Morning Consult’s latest report crowned DoorDash as the fastest-growing brand of 2025, driven by a sharp rise in purchase consideration. But this wasn’t simply due to better advertising. DoorDash has quietly redefined itself. What used to be a food‑delivery app is now repositioned as the infrastructure for local commerce.

This shift matters. It’s a move from “we bring food” to “we connect your city.” A service becomes an ecosystem. Features become a platform. And once a brand becomes an ecosystem, its value compounds.

Three lessons stand out:

  • Growth comes from expanding meaning, not just features.
  • When a brand owns the interface of a category, it becomes the category.
  • Platform-thinking creates natural defensibility—something every SaaS, fintech or martech brand needs.

For tech companies, this is the signal: brand is no longer only about visuals or tone. Brand is the architecture of how you scale.

2. The Culture Layer: McDonald’s and the Power of Fandom

McDonald’s latest collaboration with BTS characters (TinyTAN) has nothing to do with burgers and everything to do with belonging. They engineered an experience—Magic Meet-Up—that blends fandom culture with physical spaces, turning a global fast‑food chain into a cultural touchpoint.

This is not superficial hype. It’s a deliberate brand strategy: culture is a distribution channel.

Why it matters:

  • Fans amplify faster than ads.
  • Emotional meaning outperforms product meaning.
  • Community moments create stickiness that no coupon ever will.

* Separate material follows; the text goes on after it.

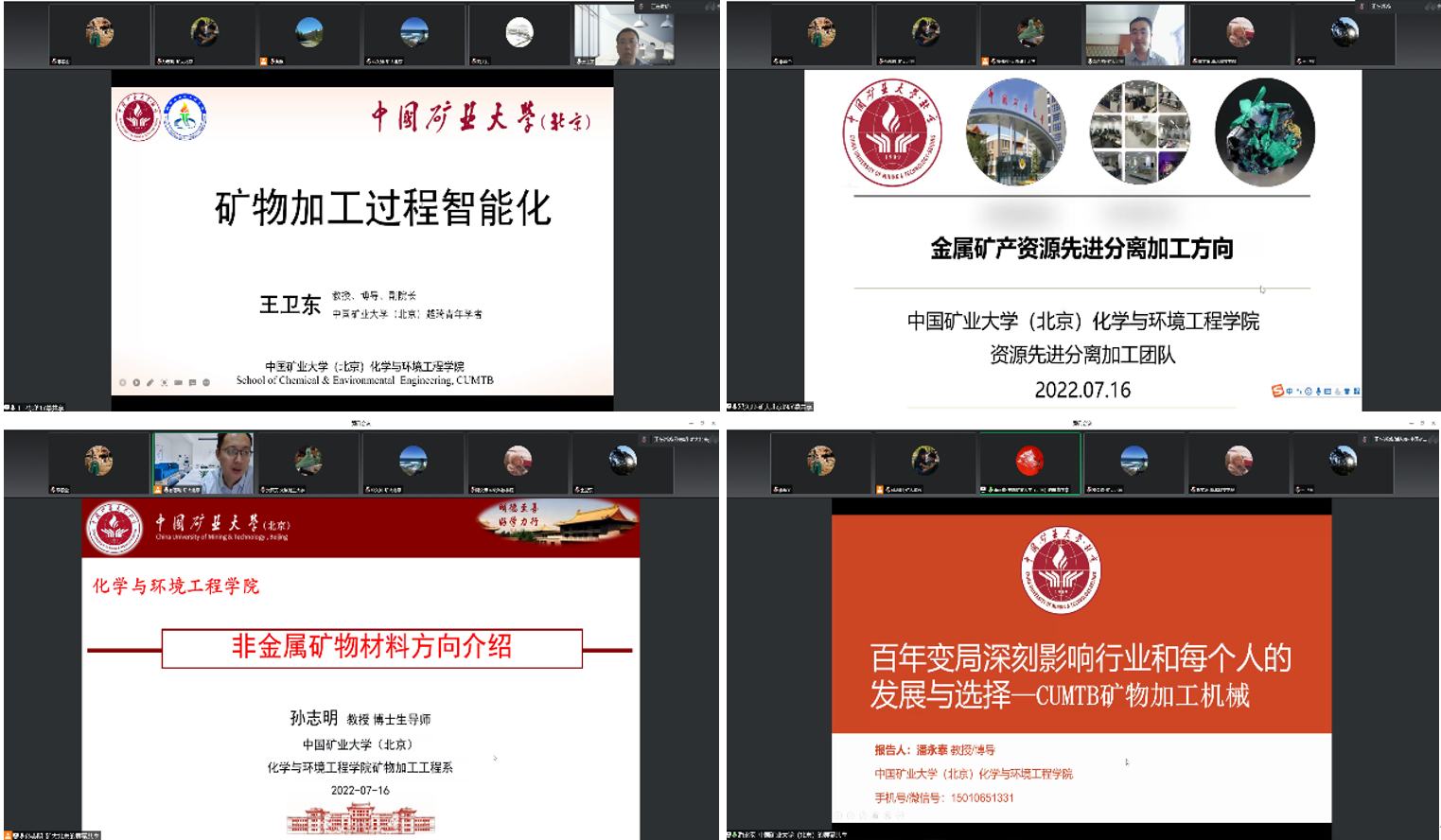 7月16日上午10:00,夏令营全体成员利用腾讯会议在线参加了矿物加工工程系精心安排的学术系列讲座,王卫东教授、邓久帅教授、孙志明教授和潘永泰教授分别从矿物加工过程智能化、金属矿产资源先进分离加工、非金属矿物材料和矿物加工机械四个方面介绍了矿物加工工程系学科方向。学术报告后参加夏令营的同学与各位教授在线进行了深入的交流探讨,各位老师从研究方向、项目成果、培养计划到科研生活等方面给出了详细回答。

Even B2B brands can use this logic. Fandom in tech looks like loyal advocates, expert communities, micro‑tribes, and shared identity. It’s not about hype. It’s about designing people’s desire to be associated with a mission.

3. What This Means for Modern Tech Brands

A technology company in 2025 competes in three arenas at once:

  • Product performance
  • Platform value
  • Cultural relevance

Visual identity, verbal identity and brand strategy must sit across all three. Most companies invest only in the first. The ones that scale invest in the other two.

Teams evaluating a rebrand today—fintech, edutech, martech, B2B SaaS—should ask:

  • Are we still presenting ourselves as a tool instead of a system?
  • What part of our category’s culture do we lead, not follow?
  • What community naturally forms around what we do—and how do we design for it?

This is where brand becomes a growth engine rather than a cosmetic exercise.

4. The New Brand Playbook (2025)

From this week’s headlines, a simple framework emerges:

  • Your brand must behave like a platform.
  • Your message must behave like culture.
  • Your audience must feel like a community.

When these three layers align, a brand stops being a company and becomes a place people choose.

Closing

DoorDash shows how to extend meaning. McDonald’s shows how to activate belonging. Together, they point to the new direction of brand growth—one where strategy, identity and community form a single system.

For companies preparing for a rebrand in 2026, this is the frontier. The brands that win won’t be the most polished, but the ones that understand: growth is no longer built on what you sell, but on what you connect, shape and bring together.